ESPHome doesn’t currently do that, but it probably should.

I didn’t realize that integration itself is responsible for updating the config entry. I assumed that this code here is updating the config entry directly. Which after looking at it more closely is obviously incorrect.

Given that the integration is updating the config entry itself, I agree that the integration should ensure that there is an actual need to do so.

On the point of globally routable IP addresses I think we may be talking past each other. I was arguing that the config entry shouldn’t be updated with a local IP address if a globally routable IP address was already configured. To avoid “locking in” a device with a local IP address. I think your description and code pointer assumes the opposite (i.e. DHCP somehow reporting a globally routable IP addresses the new device IP address).

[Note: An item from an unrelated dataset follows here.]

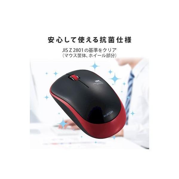 エレコムメーカーお問い合わせ:0120-898-794【商品説明】●消費電力の小さな赤外線LEDを使用したワイヤレスIR LEDマウス。●Blue LEDやレーザーを使用したマウスよりも消費電力が小さいため、約2.5年間電池を取り替えずに使用することが可能です。●財団法人日本規格協会(JSA)が定める抗菌性試験に準拠し、表面上における細菌の増殖を抑制、あるいは阻害する性能を持つ抗菌仕様です。●左右対称で持ち方を選ばないシンメトリーデザインを採用しています。●無線方式は2.4GHz帯を採用し、非磁性体で約10m、スチールデスクなど磁性体上でも約3mの範囲で使用可能です。(当社調べ)●ノートパソコンのUSBポートに接続しても気にならず、装着したまま持ち運び可能な1円玉サイズのマイクロレシーバを採用しています。●レシーバはマウス本体内に収納できるため、持ち運び時のレシーバの紛失を防ぎます。●スムーズな操作を実現する分解能1200カウントです。●本体裏面に電源スイッチがあり、不使用時の電池の消耗を防止できます。
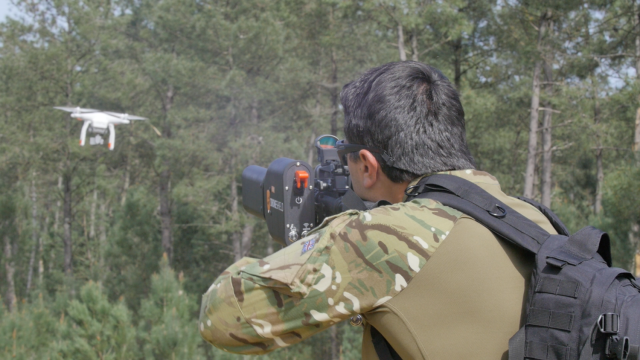 The DroneGun MKII is currently in the advanced stages of trials in the United States as a drone deterrent likely to be used mostly by special forces to jam hostile aerial drones up to 2km away. The rifle-shaped device, which can be operated by a single person and comes with a power pack backpack, has the ability to scramble video transmission back to the drone operator and force the drone to land.

However, if the integration correctly checked the current connection before updating the config entry, this wouldn’t be necessary, since the integration would only update the config entry if the globally routable IP address wasn’t providing a working connection anymore.

Given my confusion around the update flow, I think none of my proposals are the right path forward though. Instead the integration should verify if there is a need to update, and if there isn’t simply ignore new IP addresses reported by DHCP.

Thanks a lot for you feedback. This was very helpful!

bdraco · May 25, 2024, 8:52pm

Sounds good. If you want to do a PR to add the checks to ESPHome, I’m happy to prioritize reviewing that.

dev0 · May 25, 2024, 9:04pm

Thank you, I will take a look at that.